I won’t pretend that I am a veteran duck hunter, but I do have several years of experience and have recently gotten back into it in a big way. However, this is the first year that I have run a duck call and owned my own decoys. Prior to this, I always had some buddies that I would go with and they ran the call and owned the decoys. I was another gun in the blind and always lent a hand throwing out the spread. I’ve only been calling a short time, so cobbling something together that convinced these ducks to come in was tremendously satisfying.
I didn’t just come here to birdwatch, though. I clicked the safety off, shouldered my gun, and rose from the reeds. All at once, the ducks lifted. I picked out one drake and pulled the trigger… nothing. Thinking I left my safety on, I clicked it back into the on position. Pulled the trigger… nothing. Somehow, I managed to switch the trigger back to off, rack in a fresh shell, pick out a bird in the back, pull the trigger and… nothing once more. All I could do was watch as the first group of mallards that I ever got on the deck flew off. Not quite how I wanted that to go.

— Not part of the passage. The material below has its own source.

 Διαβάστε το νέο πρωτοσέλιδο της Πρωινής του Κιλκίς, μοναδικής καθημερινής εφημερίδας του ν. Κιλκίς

Not quite how I saw the second and the third group going either…
It was about this time that I remembered dropping my gun in the water the day before. This Tennessean is not accustomed to the frigid temps in Kansas and it did not occur to me, though it should have, that my gun would freeze, solid, in the truck overnight. While I fumbled to get a hot-hands package open, a pair of wigeon came in, fast. I clumsily reached for my gun. Same story… nothing. Somehow, I expected a different result, only this time, I managed to also drop my gloves in the water which promptly froze solid as well. Holding a couple hot-hands on the receiver did the trick and unfroze my gun so that when a lonely gadwall came into the spread, I gave him a proper greeting.

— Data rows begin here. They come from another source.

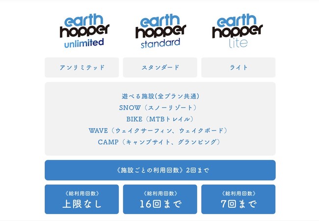 プランごとの違いは最大利用回数のみとなっており、どのプランを選んでもすべての提携施設で遊べます。新たに発売する「アースホッパー ライト」は、旅行・レジャーとしてもワンシーズンで実現しやすい5~6回程度の利用で元が取れ、手軽に始めてみたい人にもぴったりです。スタンダードを購入したけれど足りなくなりそうな人のアップグレード用として、2枚目の購入にもおすすめです。家族や友人を誘うときにも勧めやすく、お友達紹介プログラムの利用でさらにお得にお求めいただけます。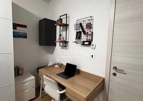 Die Wohnfläche von 88 m2 besteht aus einem offenen Raum mit einem geräumigen Wohnzimmer, einer Küche und einem Essbereich, der zu einer 11 m2 großen Loggia mit unverbaubarem Blick auf das Meer führt. Dieser Wohnbereich ist dank großer Schiebetüren und eines Dreifachfensters lichtdurchflutet, was ihn zu einem sehr angenehmen Aufenthaltsort macht.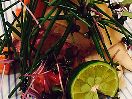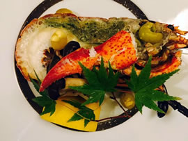 写真は、fumieの南風亭有情#97「オマールエビの岩塩焼き」。秋の特選メニュー”月夜の案山子コース”からの一品。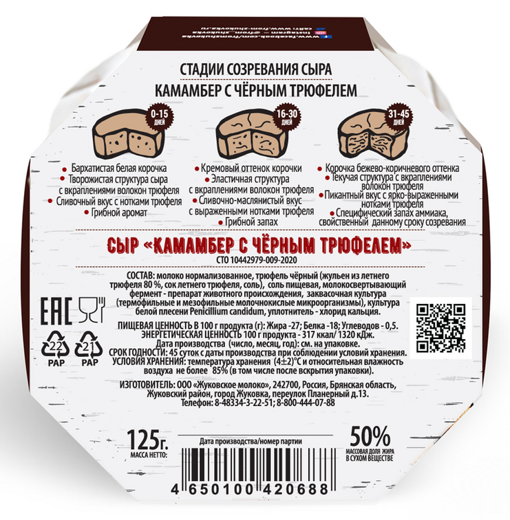 Сыр Whitecheese from Zhukovka Камамбер с черным трюфелем 50%, 125г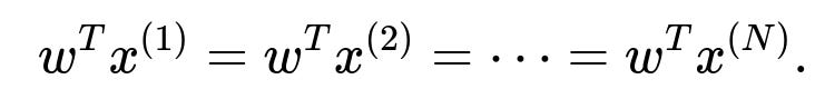 If points ({x^{(1)}, x^{(2)}, \dots, x^{(N)}}) lie in a hyperplane, then any vector normal to that hyperplane is orthogonal to all pairwise differences (x^{(i)} - x^{(j)}). So you want a non-zero (w) that satisfies

Then the skies went quiet, the wind picked up, and the snow picked up as well, icing over my decoys. I didn’t fire another shot that day. Before I packed it in, I was kneeling in the water and looking at the skies. Though I was disappointed at the opportunities missed, I wasn’t upset. I’ve written about this before but when you can be a “new beginner” in something, you don’t have the same self-imposed expectations and pressures. You get to experience new things and enjoy them with the same vigor and enthusiasm as someone who is hunting for the first time because, in way, so are you.
If I had been a caller for many years and worked my own spreads for just as long, that morning in Kansas would have been a total failure. But to me, it wasn’t. I had not been in Great Bend for 24 hours and yet I scouted and found ducks on public land, planned, crafted some crude decoy rigs in my hotel room, fought the elements, and managed to call my first group of mallards over a half-dozen decoys and a shade-tree jerk cord. Man – that’s a huge success. You wouldn’t know it from the box score, but I was thrilled.
Would I have loved to come out with a limit of mallards? You bet. But success isn’t a very good teacher. Failure is. I learned a great deal about how not to do things that morning and how fortunate that I was still rewarded for my effort by seeing a sight that I shall not soon forget: those groups of mallards coming into my modest spread of a half-dozen decoys.
Don’t let the outcome rob you of the joy of the process.